Why validating iEEG biomarker detectors is so difficult
Interictal biomarkers of epilepsy such as spikes and high-frequency oscillations (HFOs) are increasingly being studied as clinical tools to guide epilepsy surgery. Since manually identifying these biomarkers in electrophysiological recordings is too time-consuming for standard clinical practice, several automated detectors have been introduced over the past decade. Yet, despite an active research field and important progress in algorithmic design, a fundamental issue remains: how should we validate detectors?
The issue might seem trivial at first. Ideally, one would run their novel detector on an annotated and independent testing dataset, calculate performance metrics by comparing detections with ground truth human annotations, and use obtained metrics to compare models across studies.
Challenge 1: Lack of standardized annotated datasets
The first major obstacle is the absence of high-quality benchmark datasets.
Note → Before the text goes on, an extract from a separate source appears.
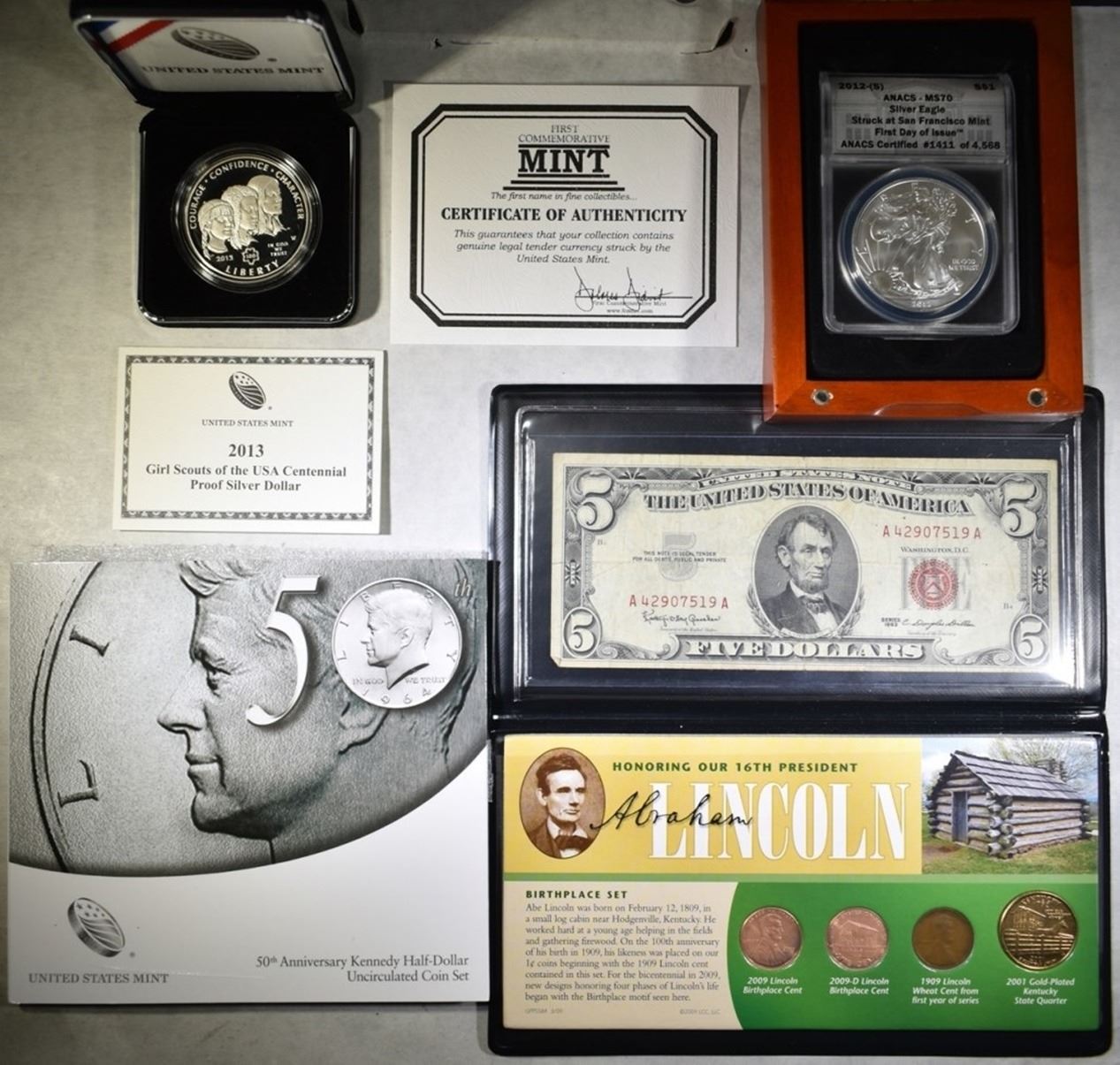 2012-S AMERICAN SILVER EAGLE ANACS MS-70, 2013 GIRL SCOUT SILVER PROOF COMMEM, 2014 50TH ANNIV KENNEDY HALF DOLLAR & LINCOLN BIRTHPLACE SET. ESTIMATE $110 - $130.

Creating such resources is tedious and expensive, as it requires several experts to review long iEEG recordings, and manually label individual events. These events can be difficult to differentiate from background activity and artefacts. As a result, many studies rely on internally acquired data from small cohorts of patients, reviewed by local experts. These annotated datasets are not always public, and even when they are, their quality and generalizability are difficult to assess. Epilepsy centres differ substantially regarding acquisition equipment and protocols, sampling rates, filtering parameters, file formats, and annotation practices. Given this lack of standardization, validating a detector’s performance on data from a single centre is an unreliable benchmark. Collaborative datasets bringing together data from different centres, organized under shared annotation and formatting standards, are essential for both scientific progress and consequent patient care.
Challenge 2: What is the ground truth?
The idea of ‘standardized annotations’ implies an expert consensus on what constitutes an interictal biomarker. However, while epileptic spikes now have relatively recent EEG-based criteria defining what qualifies as a spike (Nascimento & Beniczky, 2023), intracranial-specific definitions are still lacking, and HFOs remain without formal consensus criteria. For both types of biomarkers, expert raters themselves frequently disagree on what constitutes an event (see for example Spring et al., 2017 or Scheuer et al., 2017). This disagreement introduces variability into testing datasets and makes it difficult to accurately measure a detector’s performance and compare across studies. A detector may in fact outperform a human reviewer but appear to underperform if the reviewer’s criteria for identifying HFOs are inaccurate or inconsistent.
What is the ground truth? When experts disagree on event annotations, establishing an objective ground truth against which to benchmark algorithms is a challenging task.
Challenge 3: Inconsistent validation protocols
Currently, studies differ in their evaluation procedures: different data sets, but also different performance metrics and testing conditions. Some report sensitivity and specificity, while others use accuracy, area under the receiver operating characteristic curve, or F1-score. This variability makes it difficult to benchmark new algorithms based on published metrics. While re-implementing existing algorithms on new datasets is possible, it requires access to up-to-date algorithm code and exhaustive documentation of testing procedures, such as data pre-processing steps, algorithm parameters, and whether the models are tested on continuous or event-segmented data. Such information is, however, often incomplete.
Going forward, the field needs to define essential standards for biomarker definitions, annotation guidelines, benchmark datasets and evaluation methodologies. Frameworks like SzCORE for seizure detection could be used as models (Pale et al., 2025). Building consensus in these areas will be essential to overcome validation challenges and move iEEG biomarker detection from research setting to clinical routine.
Authors: Clarissa Baratin, Emmanuel Barbeau - first published January 7th, 2026
References
Dan, J., Pale, U., Amirshahi, A., Cappelletti, W., Ingolfsson, T. M., Wang, X., ... & Ryvlin, P. (2025). SzCORE: seizure community open‐source research evaluation framework for the validation of electroencephalography‐based automated seizure detection algorithms. Epilepsia, 66, 14-24.
Nascimento, F. A., & Beniczky, S. (2023). Teaching the 6 criteria of the International Federation of Clinical Neurophysiology for defining interictal epileptiform discharges on EEG using a visual graphic. Neurology® Education, 2(2), e200073.
Scheuer, M. L., Bagic, A., & Wilson, S. B. (2017). Spike detection: Inter-reader agreement and a statistical Turing test on a large data set. Clinical Neurophysiology, 128(1), 243-250.
Spring, A. M., Pittman, D. J., Aghakhani, Y., Jirsch, J., Pillay, N., Bello-Espinosa, L. E., ... & Federico, P. (2017). Interrater reliability of visually evaluated high frequency oscillations. Clinical Neurophysiology, 128(3), 433-441.